We have observed that decision trees tend to be enormously large without any hyperparameters. We thus try to find an optimal `min_impurity_decrease` value.

In [28]:
from sklearn.tree import DecisionTreeClassifier
parameters = {'min_impurity_decrease':(0, 0.01, 0.05, 0.1, 0.15)}

best_values_dt_traffic = {}

for dp in dps_traffic:
    X_train, y_train = [], []
    dp_dataset = dp_dataset_map_traffic[dp]
    X_train, y_train = basic_data_preprocessing(dp_dataset, impute = True)
    ohe = fit_ohe(X_train)
    X_train = apply_ohe(X_train, ohe)
    transition_int_map = {transition: index for index,
                          transition in enumerate(list(set(y_train)))}
    y_train_mapped = [transition_int_map[transition] for transition in y_train]

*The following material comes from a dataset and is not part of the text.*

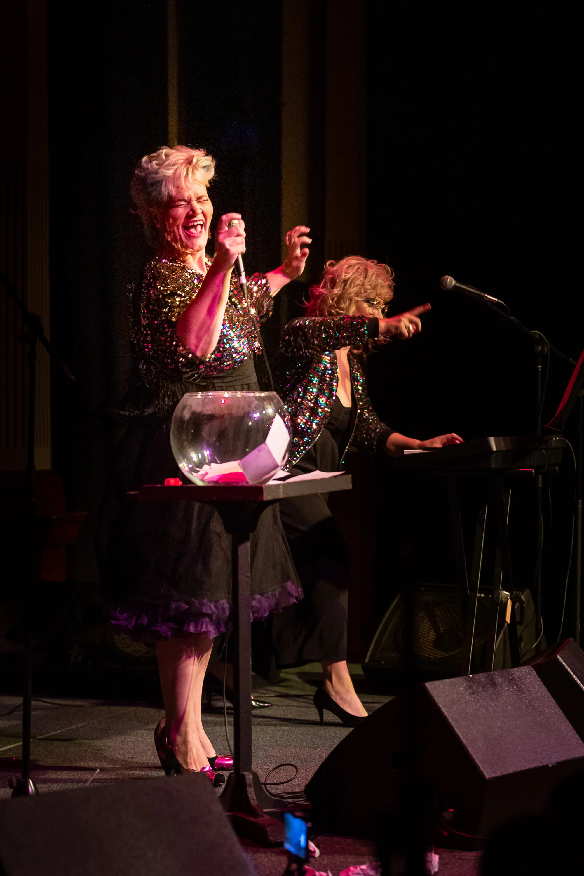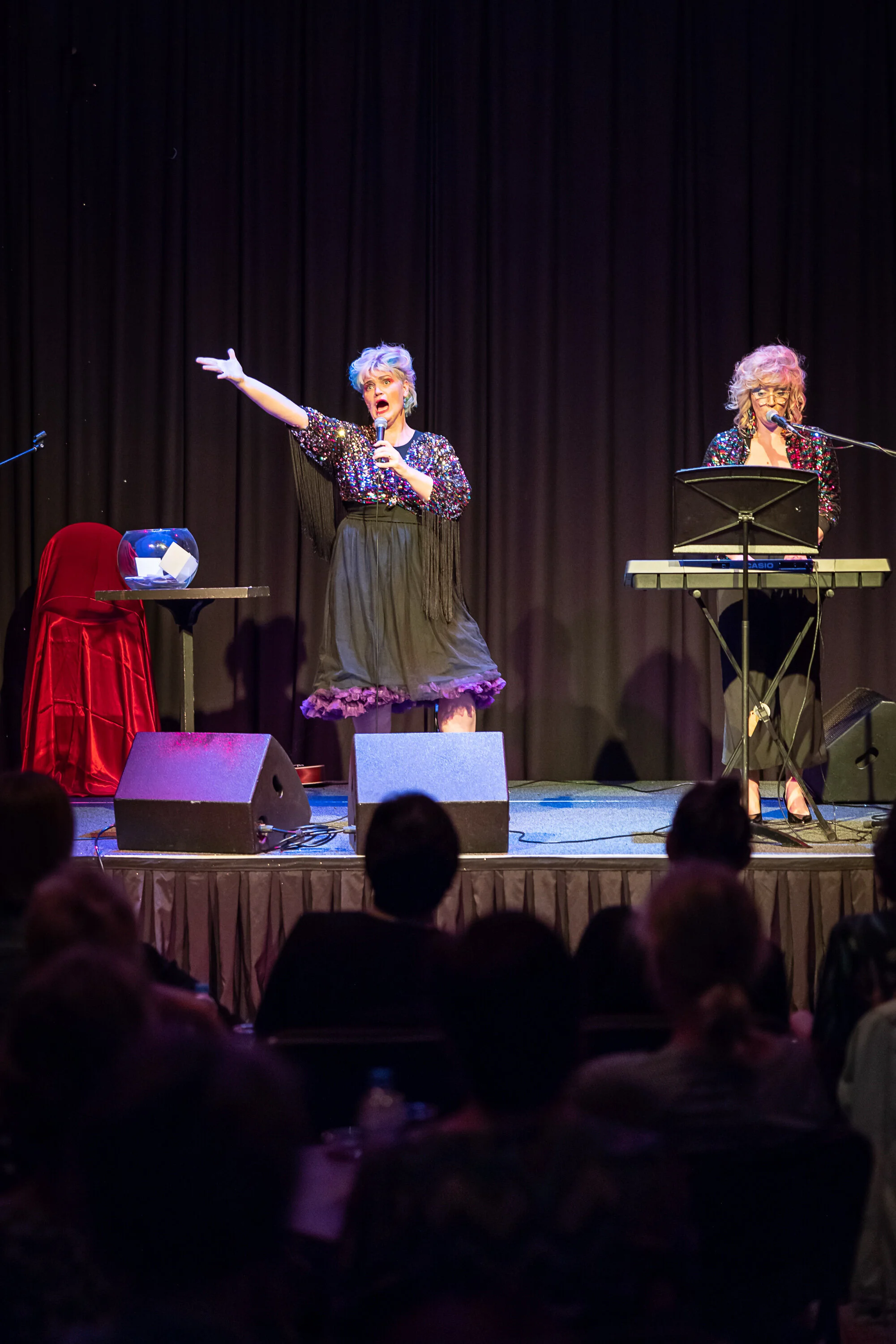 Jenny and her sister Angie, who did a fabulous job on the keyboard, arrived on stage with incredible presence. They were shining in their sequin outfits. With deft skill Jenny began creating a story that was unique to this evening, not heard before or since! She became Jean Sunbeam using names and places provided by the audience. She had a husband called Cameron and a stepson who was a mass murderer. She reached into the fishbowl often and built on the details of this new character. It was hilarious to see her reactions to some of the info provided. In our audience, it seems dildo’s were a popular choice!

    dt_base = DecisionTreeClassifier()
    dt_grid = GridSearchCV(dt_base, parameters, n_jobs=-1, scoring='f1_weighted')

    dt_grid.fit(X_train, y_train_mapped)
    print(f"{dp}:\t{round(dt_grid.best_score_,4)}\t {dt_grid.best_params_}")
    best_values_dt_traffic[dp] = dt_grid.best_params_

dt_param = {param: sum(val[param]*len(dp_dataset_map_traffic[key]) for key,val in best_values_dt_traffic.items())/total_size_traffic for param in parameters.keys()}
print(f"final value: {dt_param}")

best_values_dt["Road Traffic Fine Management Process"] = best_values_dt_traffic

p_5:	0.8089	 {'min_impurity_decrease': 0}
p_3:	0.5834	 {'min_impurity_decrease': 0.01}
p_12:	0.9322	 {'min_impurity_decrease': 0.1}
p_14:	0.9486	 {'min_impurity_decrease': 0}
p_15:	1.0	 {'min_impurity_decrease': 0}
p_4:	0.9972	 {'min_impurity_decrease': 0.01}
p_6:	0.9408	 {'min_impurity_decrease': 0.01}
p_7:	1.0	 {'min_impurity_decrease': 0}
p_9:	0.9563	 {'min_impurity_decrease': 0.01}
final value: {'min_impurity_decrease': 0.022316062176165805}


##### Cross-Validation Neural Network

In [30]:
from sklearn.neural_network import MLPClassifier
parameters = {'hidden_layer_sizes': ((5, ), (5, 5), (10, 10))}

best_values_nn_traffic = {}
max_ds_size_traffic = -1
max_ds_key_traffic = None

for dp in dps_traffic:
    dp_dataset = dp_dataset_map_traffic[dp]
    if len(dp_dataset) > max_ds_size_traffic: max_ds_key_traffic = dp
    X_train, y_train = basic_data_preprocessing(dp_dataset, impute = True)
    scaler, scaler_columns = fit_scaling(X_train)
    X_train = apply_scaling(X_train, scaler, scaler_columns)
    ohe = fit_ohe(X_train)
    X_train = apply_ohe(X_train, ohe)
    transition_int_map = {transition: index for index,
                          transition in enumerate(list(set(y_train)))}
    y_train_mapped = [transition_int_map[transition] for transition in y_train]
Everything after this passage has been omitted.